- Artist: Oliver Guy-Watkins
- Year: 2008
- Type: Film-based participatory artwork
- Medium: Video recordings; public participation

= Postcard To Brooke =

Postcard To Brooke is a film based artwork by British artist and writer Oliver Guy-Watkins, that began in April 2008.

==Outline==
Since April 2008, Oliver Guy-Watkins has undertaken to film an unlimited number of individuals reading the poem "Doubts" by Rupert Brooke. Guy-Watkins describes the work as a quest, and filmed near two hundred people in the projects first six months.

==Exhibitions and screenings==
The first public event associated with Postcard To Brooke took place on 6 June 2008 at The Art Car Boot Fair at The Truman Brewery on Brick Lane in London. Oliver Guy-Watkins filmed fifty-six people during the six hours, and also instigated The Box Of Doubts for the first time. This entailed individuals writing their own doubts on a blank postcard.

On 24 June 2008, Oliver Guy-Watkins screened the eighty-nine readings recorded up until that date, at the newly opened Miss Micks venue in Berlin. He was also joined by the artist Tom J Mason to host a Discussion Of Doubts, relating to the postcards which had been used at the Art Car Boot Fair.

Over the weekend of 23–24 August 2008, Oliver Guy-Watkins attended the Flat Lake Festival in Clones, Ireland where he filmed a further 52 individuals, before screening two short edits in the cinema tent on Sunday evening. He also gave a talk regarding the quest.

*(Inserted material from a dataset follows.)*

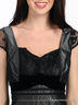 Детали: застежка на молнию на левом боку, пояс дополнен бархатистой лентой, сзади небольшой разрез.

In March 2009, Guy-Watkins held the first of two 'Evening Of Doubt' events at Shoreditch House in East London, where he was joined by Art Car Boot Fair founder Karen Ashton, artists Boo Saville and Jessica Voorsanger, and gallerist Hannah Watson of Trolley Gallery, to discuss the contents of the postcards that have been contributed with individuals person doubts written on. The second event took place on 19 April 2009 where the guests included writer Damian Barr and comedians Charlotte Reather and Paul Foot

==Readers==
Notable individuals who have contributed to Postcard To Brooke include Nobel Prize winner Seamus Heaney; comedians Dylan Moran, d Byrne, Tim Key, Richard Herring, Chris Neill, Tony Allen, Angus Lindsay, Tony Green, John Seagrave; authors Patrick McCabe, Damian Barr, Victoria Mary Clarke, Karen Ashton, Ciarán Carson; Lady Mary Archer; Jodie Harsh; actors Ryan Sampson, Adrian Barnes, Cecilia Colby, Glen Conroy; artists Marc Horowitz, Jessica Voorsanger, Patrick Brill; photographer Craig Cowling; and Brooke Society chairman Lorna Beckett.

Alongside the notable names are individuals from many walks of life, including firemen, doctors, care workers and the homeless.

Guy-Watkins has stated that the first section of the quest was autobiographical with him filming friends, family and work associates. The second part would be based around researching the life of Rupert Brooke, and the third would be to document a number of social groups and stereotypes that exist in the early 21st Century.

==Social documentation==
As well as having filmed a number of individuals who belong to certain social groups on a one off basis, Oliver Guy-Watkins has recently announced a series of events in association with organisations that represent those who are governed by specific social restrictions. The first of these events runs in conjunction with GEAR projects, Gloucestershire's only homeless shelter. Guy-Watkins intends to document both the staff and patrons of the charity by filming the reading Doubts, as well as inviting them to contribute their own doubts on blank postcards.